All these pieces of evidence are stored electronically in disks/devices/huge servers. The manner of their proof before the courts is something Section 65B of the Evidence Act deals with.
Section 65B of the Evidence Act provides for conditions that are required to be satisfied in order to render electronic evidence admissible in a court of law.
A certificate, in compliance of Section 65B(4) is also required to be filed before the court to render such evidence admissible.
Q. Is the certificate u/s 65B(4) of Evidence Act mandatory for reception of electronic evidence ?
Yes. the Supreme Court in ANVAR P.V. VS. P.K. BASHEER AND OTHERS [MANU/SC/0834/2014] has categorically ruled that a certificate u/s 65B is compulsory for admission of electronic evidence. The party cannot lead oral evidence to prove the contents of an electronic record in absence of the certificate. Expert evidence cannot be led either. The case (Anvar) concerned proof of video footage relating to an election matter wherein the election of a candidate was challenged on account of alleged malpractices. The court held that the output of the video footage, in the form of CD/DVD/Pen drive was inadmissible in absence of the certificate; however, if the original recorder/hard drive attached to CCTV is led in evidence, the same can be received even without the certificate as it will be primary evidence itself. However, in all other cases where the output of the electronic record is produced, either in the form of a printout or a disk/CD/DVD/Pen Drive or other soft copy, the same has to be mandatorily accompanied by the certificate.

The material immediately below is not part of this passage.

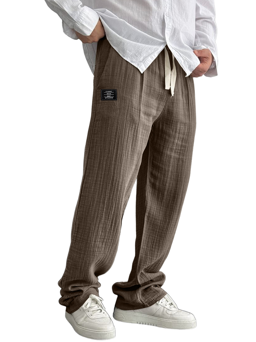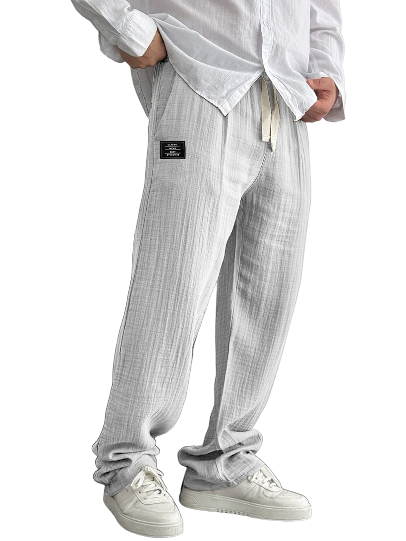 Men's Cotton And Linen Casual Embroidered Logo Drawstring Loose Elastic Waist Pocket Trousers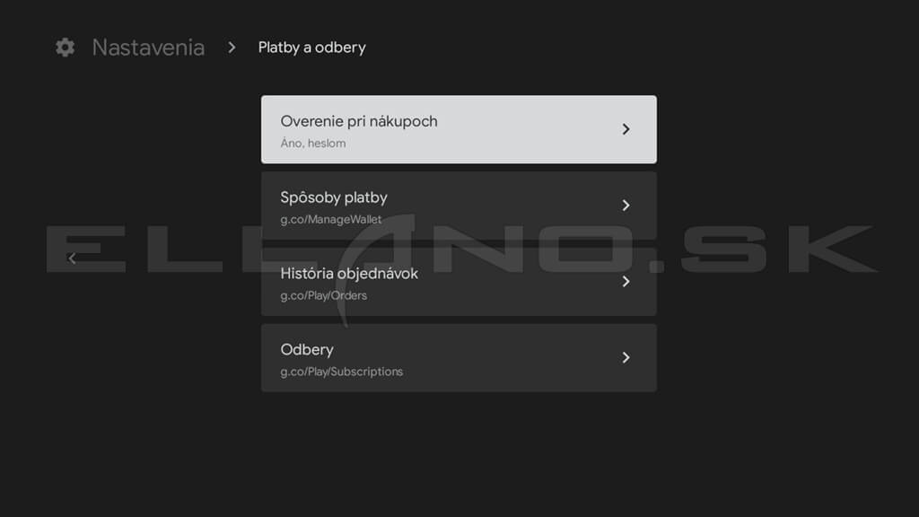 Sekcia Platby a odbery slúži na správu platených aplikácií a predplatných. Aj keď používate iba bezplatné aplikácie, určite si nastavte aspoň Overenie pri nákupoch chránené heslom.

Question : Whether the requirement of certificate u/s 65B(4) Evidence Act can be satisfied by the witness appearing and deposing as to the conditions of S.65B(4) as a part of his oral deposition in the court ? In other words, whether oral deposition in lieu of a written certificate would satisfy the rigors of Section 65B of the Evidence Act ?
The answer is No. If in a case certificate u/s 65B(4) Evidence Act is not filed, the witness who is seeking to prove the electronic record cannot be allowed to depose in the court in his examination-in-chief as to the conditions of S.65B. When the statute requires something to be done in a particular manner, it has to be done in that manner alone and none else. Expedience cannot be given way over a specific and categoric rule of law. Therefore, the requirement of certificate u/s 65B of the Evidence Act cannot be satisfied by an oral deposition of the witness as its conditions. This is the import in the decision of Jagdeo Singh and Ors. Vs. The State (MANU/DE/0376/2015)
*This is a first in a series of blog posts on Electronic Evidence. In the next few weeks, We’ll try examining various other legal issues relating to eception and appreciation of electronic evidence. So, Stay tuned !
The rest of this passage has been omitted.